Stephen Michael Ponisciak
Research Associate, Alliance of Catholic EducationUniversity of Notre Dame
Bayesian Analysis of Teacher Effectiveness
The quality of schools and teachers has become an popular issue in recent years. Several authors have discussed the propriety of using students' scores on state or national tests to evaluate individual students' performance, teachers' performance, and schools' performance. More recently, others (among them Sanders and Horn (1998)) have advocated a ``value-added'' approach, in which a teacher's performance is evaluated using his or her students' gains on the norm-referenced sections of a statewide exam.
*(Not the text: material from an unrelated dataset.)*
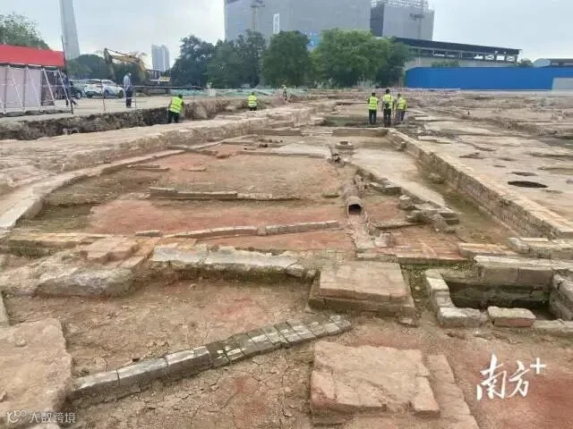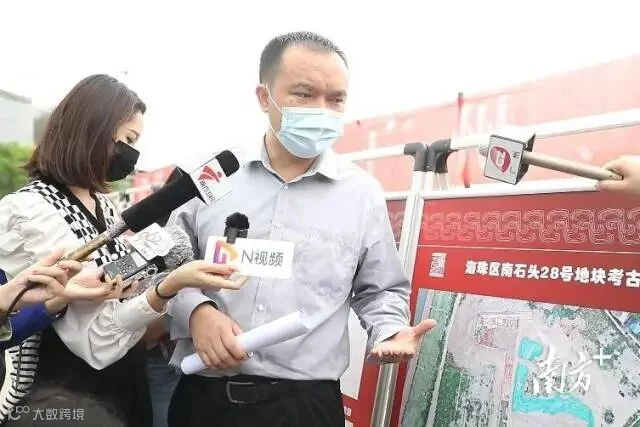 今天,记者第一时间探访考古发掘现场看到,该地块位于工业大道中以西,背靠南石28创意园,往南便是珠江,靠近白鹅潭。
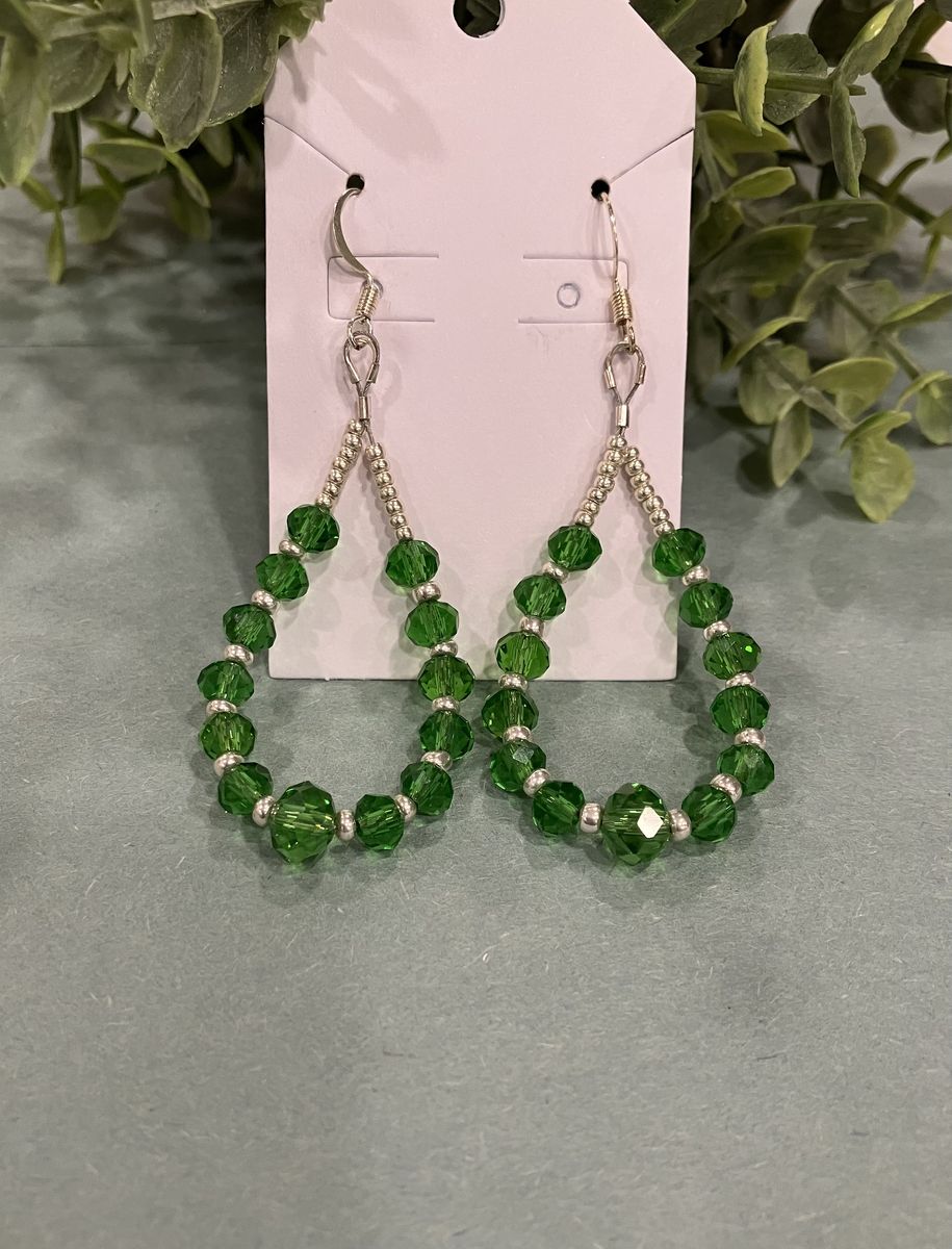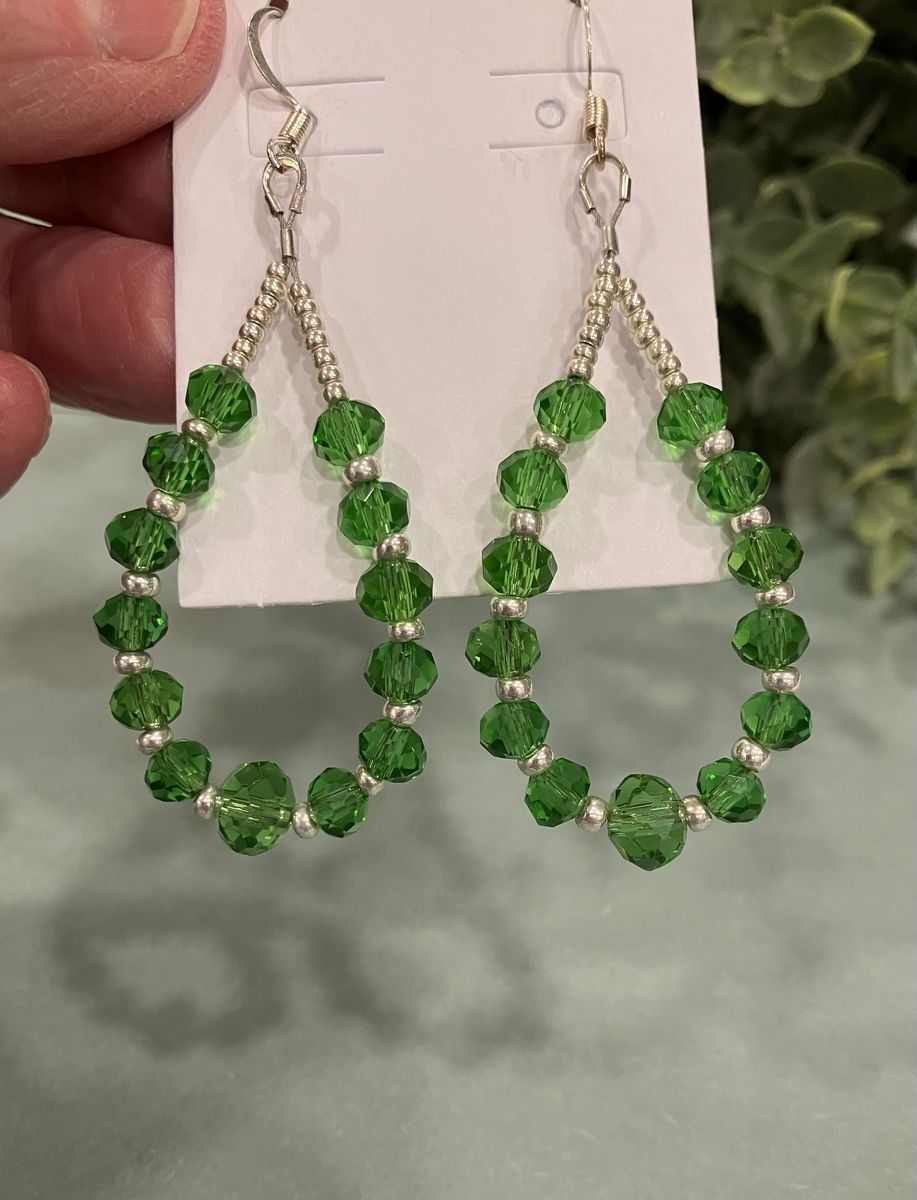VenmoHandmade emerald green crystal and silver beaded, teardrop dangle earrings. Earrings are 1.75 inches in length. Ear wires are silver plated. Gift box included. Local meetup or can mail with ship fee.

However, standardized tests bring with them a long and arduous history of controversy. Seeking to avoid these arguments (and to create new ones), we have developed a system to evaluate teacher performance based on students' grades in subsequent courses, rather than test scores. Using five years of data from high schools in one school district, we evaluate the quality of teachers based on students' course grades by treating the teacher and student as random effects in an ordinal probit model with latent variables (as in Johnson (1997) and Johnson and Albert (1999)). Our analysis includes only those courses of study that are clearly consecutive, such as mathematics and foreign languages. We evaluate whether student-level variables, such as the student's average grade in other courses and demographic variables, should be included in the model, and we assess the fit of the model by examining sorted latent residuals and determining how many of the pairwise comparisons are correctly evaluated. We conclude that a teacher effect can be detected (when it exists), and that teachers have a measurable effect on students' subsequent achievement. Such effects appear to decay differently in different subjects, and are affected by student-level covariates.